嵌套 ActiveModel
在 SeaORM 2.0 中,我们引入了 Smart Entity Loader,使查询多路径关系到嵌套模型变得简单高效。这解决了读取端的问题。
有了 nested ActiveModel,你现在可以做相反的事:在一次操作中将嵌套对象回写数据库。SeaORM 遍历树、检测变更、构建 insert 和 update 语句,并以正确的顺序执行它们以遵守外键依赖。
你可以在此页面的 快速入门示例中找到本文描述的所有技术。
概要
以下操作以原子方式将新的 user + profile + post + tag + post_tag 集合保存到数据库:
let user = user::ActiveModel::builder()
.set_name("Bob")
.set_email("bob@sea-ql.org")
.set_profile(profile::ActiveModel::builder().set_picture("image.jpg"))
.add_post(
post::ActiveModel::builder()
.set_title("Nice weather")
.add_tag(tag::ActiveModel::builder().set_tag("sunny")),
)
.save(db)
.await?;
展开
此 builder 模式构建以下对象树:
user::ActiveModelEx {
name: Set("Bob".into()),
email: Set("bob@sea-ql.org".into()),
profile: HasOneModel::Set(profile::ActiveModelEx {
picture: Set("image.jpg".into()),
..Default::default()
}),
posts: HasManyModel::Append(post::ActiveModelEx {
title: Set("Nice weather".into()),
tags: HasManyModel::Append(tag::ActiveModel {
tag: Set("sunny".into()),
..Default::default()
}),
..Default::default()
}),
..Default::default()
}
.save(db)
.await?
.. 等于手动执行以下操作:
let txn = db.begin().await?;
// insert a user
let user = user::ActiveModelEx {
name: Set("Bob".into()),
email: Set("bob@sea-ql.org".into()),
..Default::default()
}.insert(&txn).await?;
// profile belongs_to user (1-1)
let profile = profile::ActiveModelEx {
user_id: Set(user.id),
picture: Set("image.jpg".into()),
..Default::default()
}.insert(&txn).await?;
// post belongs_to user (1-N)
let post = post::ActiveModelEx {
user_id: Set(user.id),
title: Set("Nice weather".into()),
..Default::default()
}.insert(&txn).await?;
// insert a tag
let tag = tag::ActiveModel {
tag: Set("sunny".into()),
..Default::default()
}
.insert(&txn)
.await?;
// associate tag to post
post_tag::ActiveModel {
post_id: Set(post.id),
tag_id: Set(tag.id),
}
.insert(&txn)
.await?;
txn.commit().await?;
关系依赖
问题的核心在于弄清 Entity 之间的外键关系并以正确的顺序执行查询。SeaORM 支持以下关系:
拥有一 / 属于
User 1-1 Profile
#[sea_orm::model]
#[derive(Clone, Debug, PartialEq, Eq, DeriveEntityModel)]

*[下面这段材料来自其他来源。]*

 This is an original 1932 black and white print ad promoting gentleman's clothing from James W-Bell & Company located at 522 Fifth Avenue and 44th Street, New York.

#[sea_orm(table_name = "user")]
pub struct Model {
#[sea_orm(primary_key)]
pub id: i32,
#[sea_orm(has_one)]
pub profile: HasOne<super::profile::Entity>,
..
}
user_id 上有 unique 键,使此关系为一对一。
#[sea_orm::model]
#[derive(Clone, Debug, PartialEq, Eq, DeriveEntityModel)]

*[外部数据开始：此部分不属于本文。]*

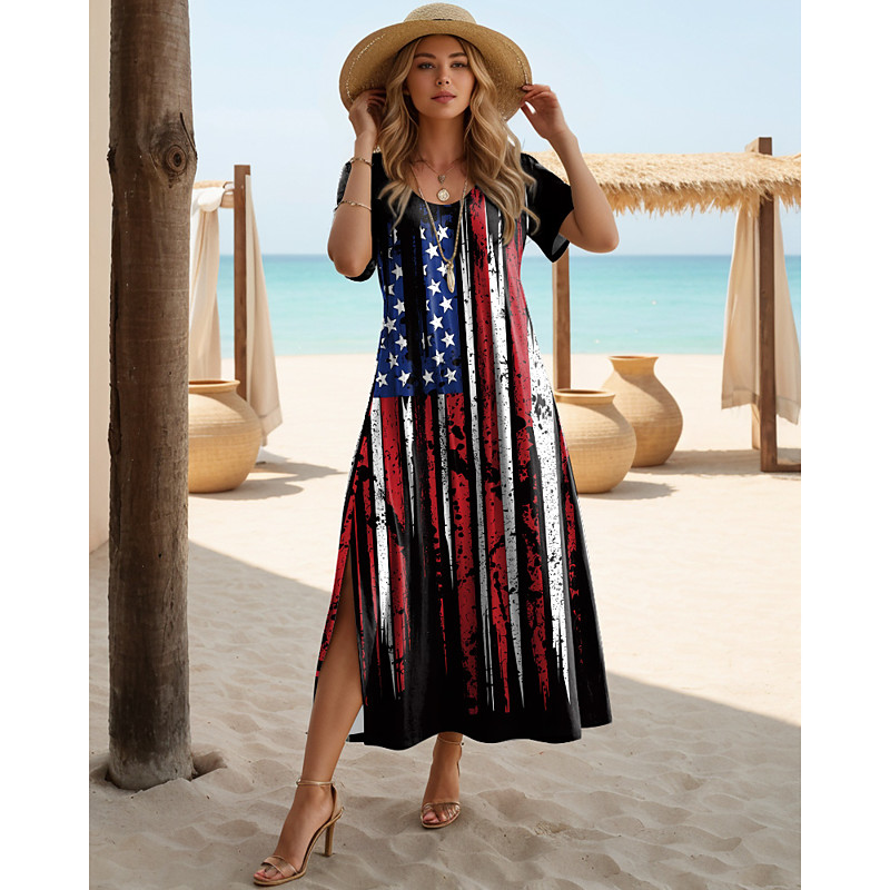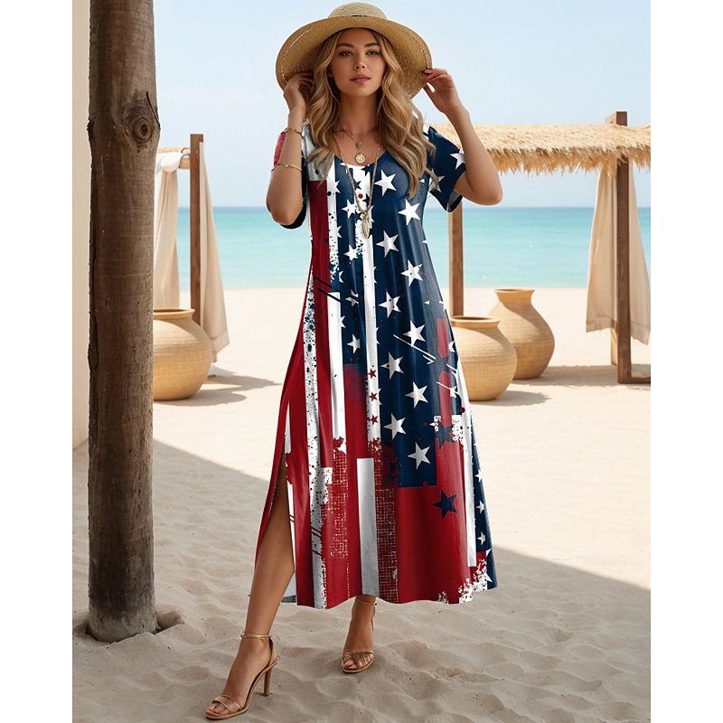 Women's Patriotic Maxi Dress Long Sleeve Boho Dress Elegant Vintage Butterfly Sleeve Vacation Beach Regular Fit Flag Vintage Short Sleeve Crew Neck Blue Summer

#[sea_orm(table_name = "profile")]
pub struct Model {
#[sea_orm(unique)]
pub user_id: i32,
#[sea_orm(belongs_to, from = "user_id", to = "id")]

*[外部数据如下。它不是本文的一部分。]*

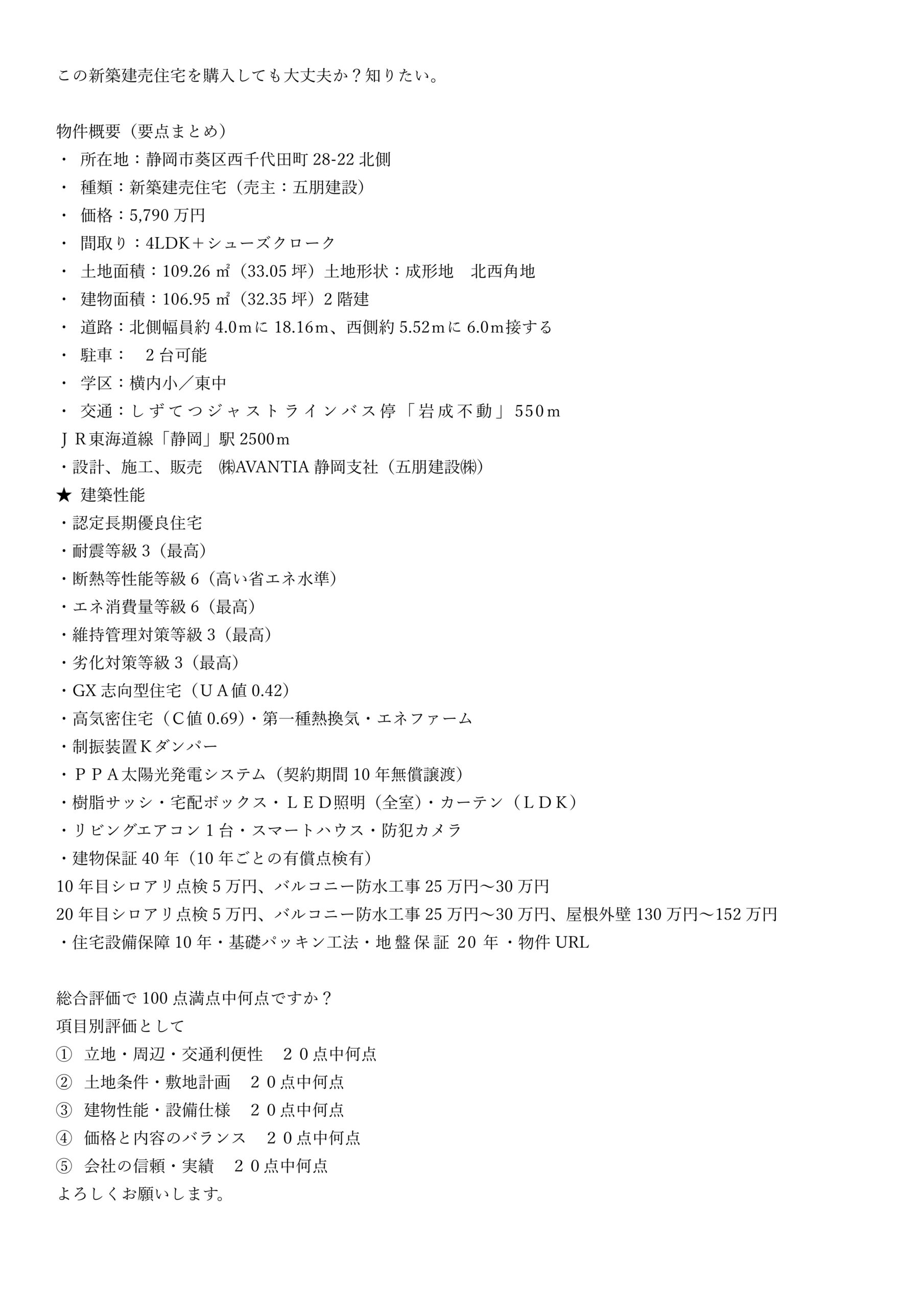 葵区西千代田町3期1号地 住宅性能

pub user: HasOne<super::user::Entity>,
..
}
由于 profile 属于 user,必须先 insert user 才能获得其 id。
在 SeaORM 中,无论模型如何嵌套,都会以正确的顺序执行。
// also okay:
profile::ActiveModel::builder()
.set_user(
user::ActiveModel::builder()
.set_name("Alice")
.set_email("alice@rust-lang.org"),
)
.set_picture("image.jpg")
.save(db)
.await?;
拥有多
User 1-N Post
#[sea_orm::model]
#[derive(Clone, Debug, PartialEq, Eq, DeriveEntityModel)]
#[sea_orm(table_name = "post")]
pub struct Model {
pub user_id: i32,
#[sea_orm(belongs_to, from = "user_id", to = "id")]
pub author: HasOne<super::user::Entity>,
..
}
这与 1-1 非常相似,嵌套模型是向量而不是 option。
有两种可能的操作:Replace 和 Append。默认操作是 append,它是非破坏性的。
假设 Bob 写了一篇新博客文章,没有理由需要查询 Bob 写的所有文章;我们可以简单地执行以下操作:
// query user, but no posts
let bob = user::Entity::load().filter_by_email("bob@sea-ql.org").one(db).await?.unwrap();
let mut bob.into_active_model();
bob.posts.push(post::ActiveModel::builder().set_title("Another weekend"));
bob.save(db).await?; // INSERT INTO post ..
但是,有时我们确实希望空向量表示“删除全部”,或者我们希望指定精确的子集。然后我们可以使用 Replace。
bob.posts.replace_all([]); // delete all
bob.posts.replace_all([post_1]); // retain only this post
这将导致以下操作,其中除 post 1 之外的文章将被删除:
SELECT FROM post WHERE user_id = bob.id
DELETE FROM post WHERE id = 2
多对多
Post M-N Tag
多对多关系在建模复杂 schema 时至关重要。SeaORM 的一个独特之处在于它将多对多关系建模为一等构造,因此你无需考虑 junction table。
#[sea_orm::model]
#[derive(Clone, Debug, PartialEq, Eq, DeriveEntityModel)]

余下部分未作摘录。